Start of Block

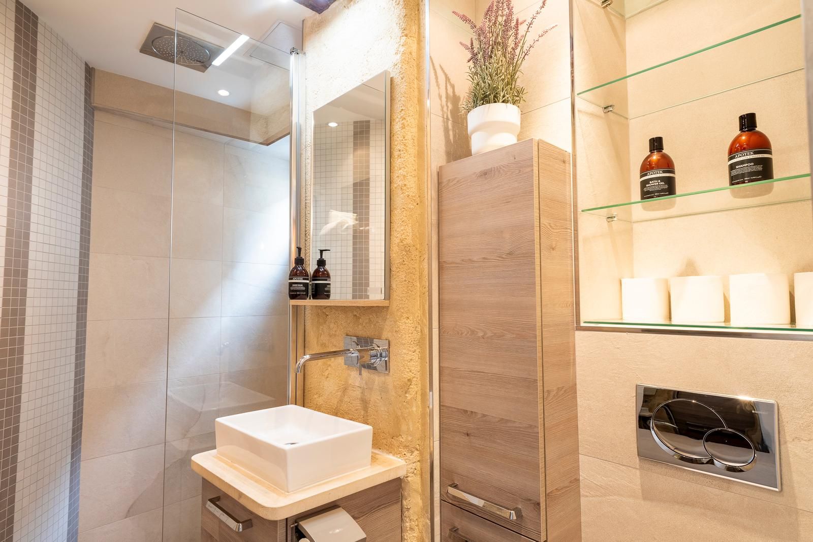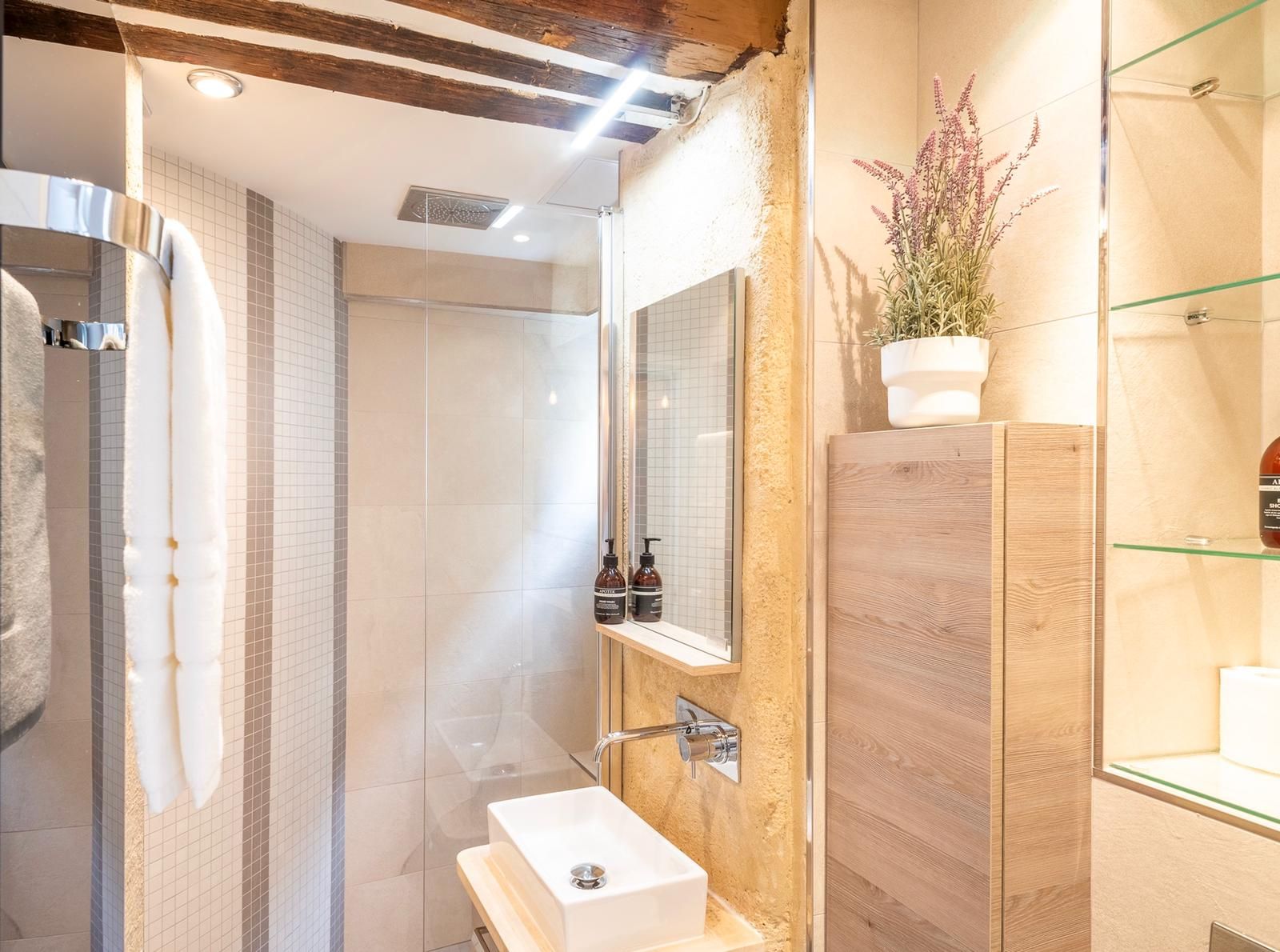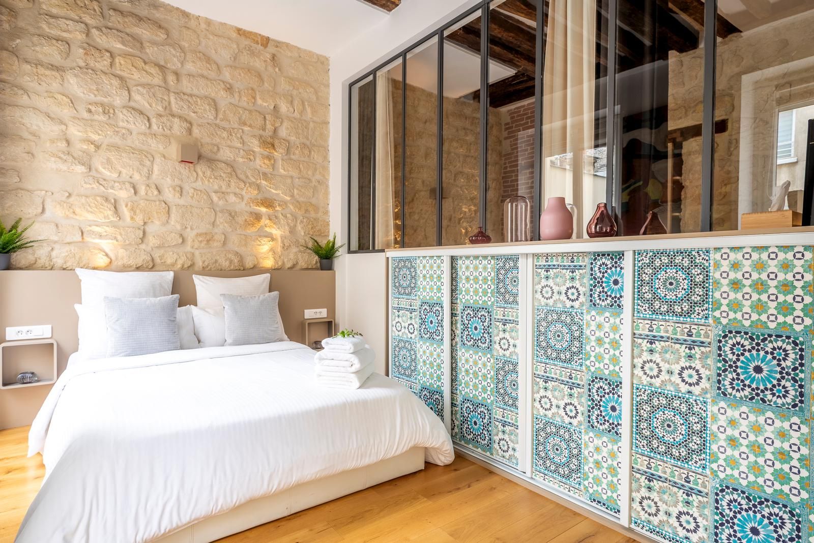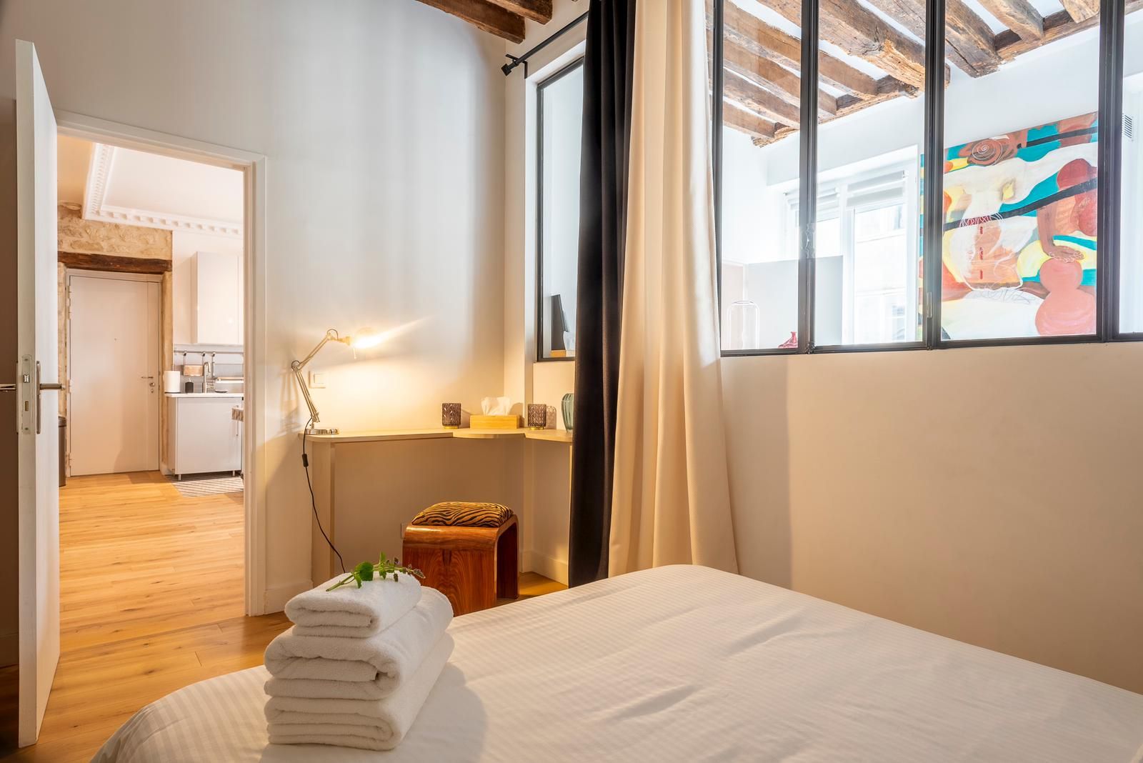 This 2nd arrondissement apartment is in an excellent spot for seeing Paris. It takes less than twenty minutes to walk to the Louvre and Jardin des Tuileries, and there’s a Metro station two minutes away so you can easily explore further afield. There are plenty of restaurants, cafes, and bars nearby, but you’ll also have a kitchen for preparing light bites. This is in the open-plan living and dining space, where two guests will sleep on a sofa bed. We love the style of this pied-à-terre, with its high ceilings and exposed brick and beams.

End of Block
Start of Block

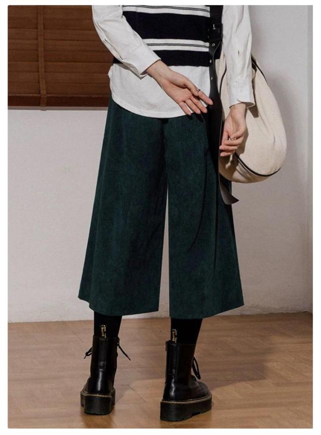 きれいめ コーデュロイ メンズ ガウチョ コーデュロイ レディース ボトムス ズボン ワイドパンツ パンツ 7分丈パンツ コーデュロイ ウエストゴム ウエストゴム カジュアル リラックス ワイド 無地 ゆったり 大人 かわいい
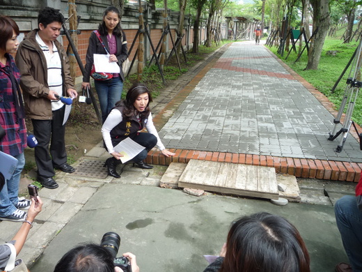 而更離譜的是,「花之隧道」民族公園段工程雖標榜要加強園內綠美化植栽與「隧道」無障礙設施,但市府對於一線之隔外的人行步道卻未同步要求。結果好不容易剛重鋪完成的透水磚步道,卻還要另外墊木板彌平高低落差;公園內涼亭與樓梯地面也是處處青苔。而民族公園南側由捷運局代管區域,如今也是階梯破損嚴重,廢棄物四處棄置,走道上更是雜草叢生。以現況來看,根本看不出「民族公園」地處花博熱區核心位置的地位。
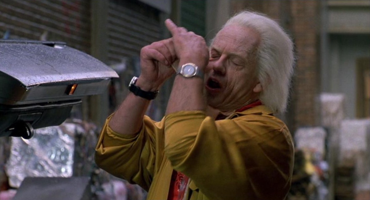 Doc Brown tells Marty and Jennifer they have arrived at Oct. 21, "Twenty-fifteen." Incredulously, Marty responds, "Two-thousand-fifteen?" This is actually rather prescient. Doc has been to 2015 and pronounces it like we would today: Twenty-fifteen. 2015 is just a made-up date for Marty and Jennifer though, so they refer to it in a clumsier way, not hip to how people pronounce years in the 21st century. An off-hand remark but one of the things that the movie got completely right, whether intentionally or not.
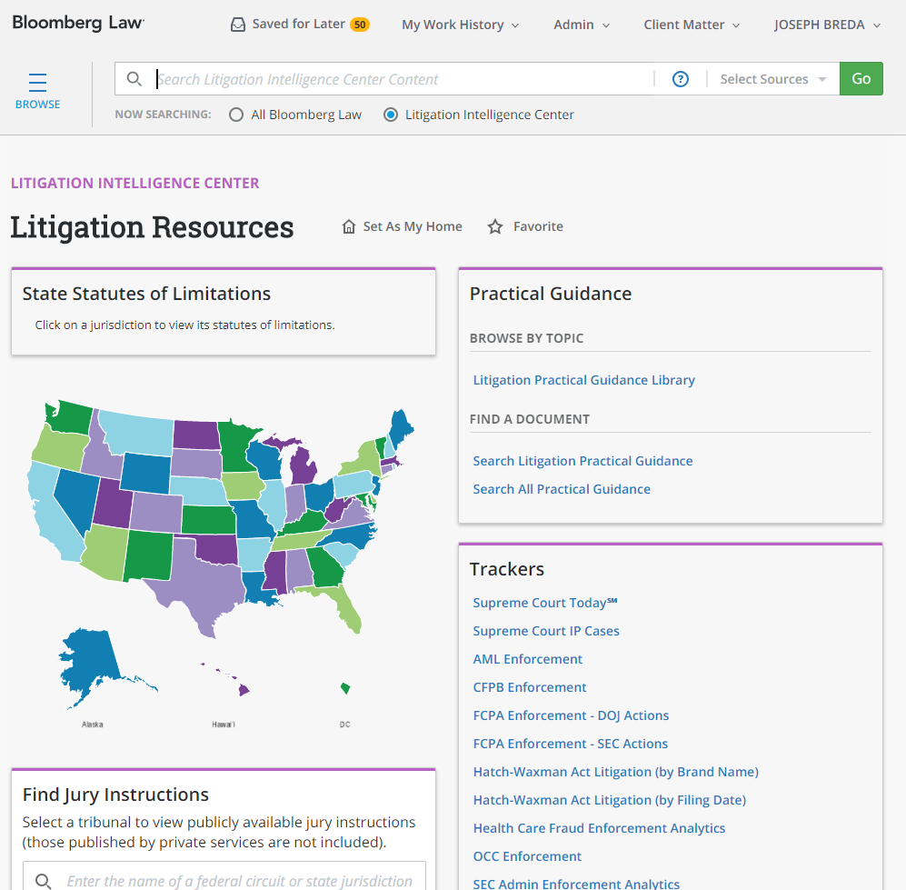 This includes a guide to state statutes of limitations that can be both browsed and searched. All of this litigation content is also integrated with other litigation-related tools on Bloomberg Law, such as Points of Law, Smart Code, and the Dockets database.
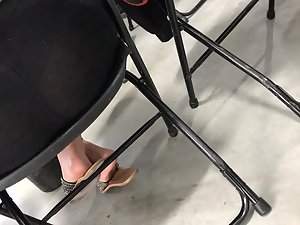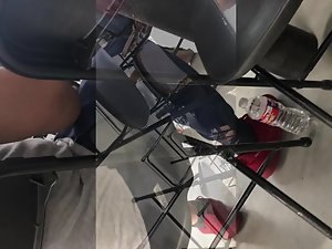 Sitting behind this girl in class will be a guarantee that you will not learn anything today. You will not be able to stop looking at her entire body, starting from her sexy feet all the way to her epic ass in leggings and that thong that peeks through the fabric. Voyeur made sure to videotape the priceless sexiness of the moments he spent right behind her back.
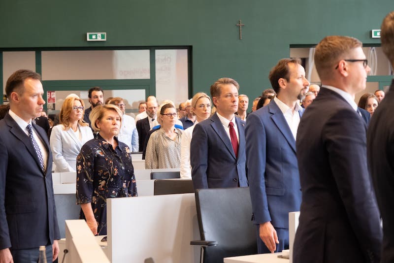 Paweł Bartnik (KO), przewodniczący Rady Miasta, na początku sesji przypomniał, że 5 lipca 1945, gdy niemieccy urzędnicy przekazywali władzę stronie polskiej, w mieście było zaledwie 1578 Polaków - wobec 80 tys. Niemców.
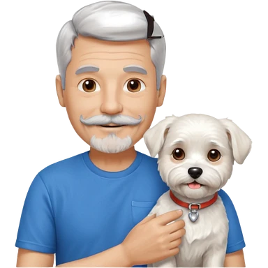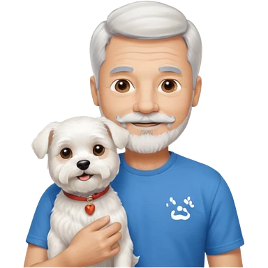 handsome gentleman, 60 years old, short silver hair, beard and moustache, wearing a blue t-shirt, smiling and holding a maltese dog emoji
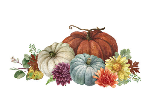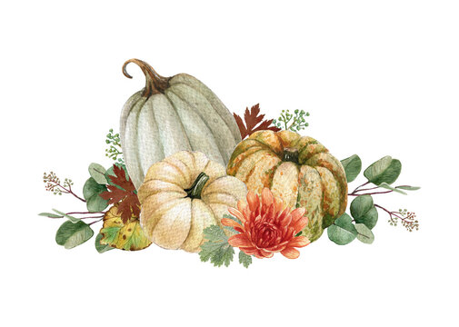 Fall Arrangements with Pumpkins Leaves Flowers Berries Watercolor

End of Block

## What is being asked
Above are some records. Reproduce the lines from the one with "handsome gentleman, 60" down to the one with "Fall Arrangements with", keeping both, and leave every picture out.

## Task answer
 handsome gentleman, 60 years old, short silver hair, beard and moustache, wearing a blue t-shirt, smiling and holding a maltese dog emoji
 Fall Arrangements with Pumpkins Leaves Flowers Berries Watercolor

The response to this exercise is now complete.